Hunger increases more hunger. This is just like the example of Pastor Pedro. As he fasted, he became more hungry for justice and righteousness. He became more hungry for God. Just like our physical appetites for certain foods can easily become larger as we develop, so it is the same with spiritual appetites. Don’t settle for crumbs, when you can have so much more! Francine says, “the more you get, the more you will continue to have. The more you taste, the more you want. It’s a cycle of spiritual life and growth!” If we decline our spiritual hunger, we can dangerously fall into apathy and lose our joy. That’s not the way to go. Instead, turn to God daily, and ask for more hunger. Be thankful always in the process and he will bless you even more for what you really need. I’m not talking about riches, I’m talking about joy, refreshment, and deep satisfaction that comes from eating and drinking what the Lord gives us daily.

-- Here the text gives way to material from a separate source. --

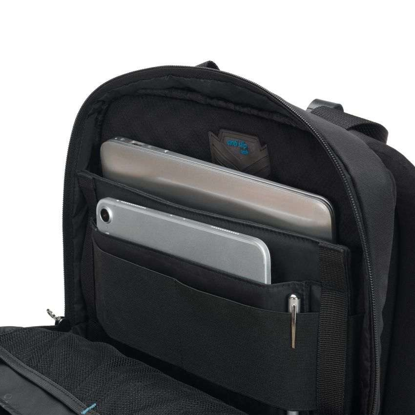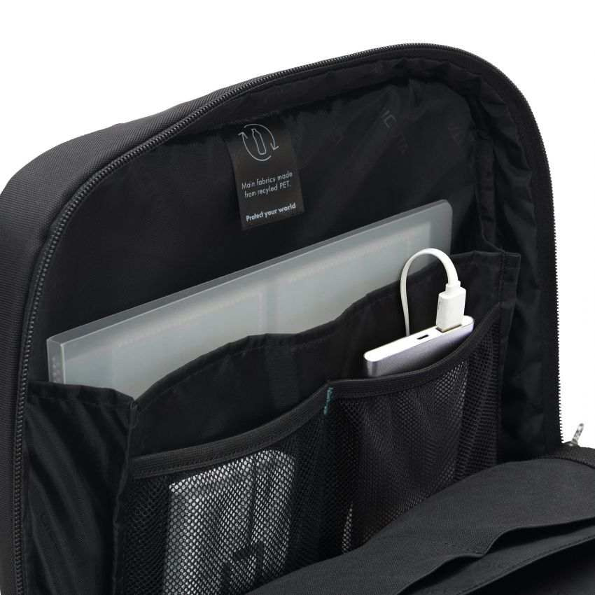 With the ECO Backpack Slim PRO you travel "1st class". The backpack reliably accompanies you wherever you go and meets the highest standards of quality, functionality and protection. Made from high-quality recycled PET, the Slim PRO Backpack protects our planet - ideal for the environmentally conscious consumer. The main material consists of 13 recycled PET bottles. DICOTA's attention to detail makes this bag your most reliable business partner.

In John 4, Jesus invited the woman at the well to taste the living water. When his disciples offered him food, he told his disciples that he had eaten a different kind of food and he was satisfied. Jesus explained: “My nourishment comes from doing the will of God, who sent me, and from finishing his work (John 4:34). Again, this is spiritual food.
So I invite you to join me at the banqueting table, where the banner over us is love. May we come to the living river, where those who have no money can still buy what we need (Isaiah 55). Listen to the words of Revelation 22:17. It’s an invitation to you and to me.
“The Spirit and the bride say, “Come.” Let the one who hears, say “Come.” And let the one who wishes to take the water of life without cost.”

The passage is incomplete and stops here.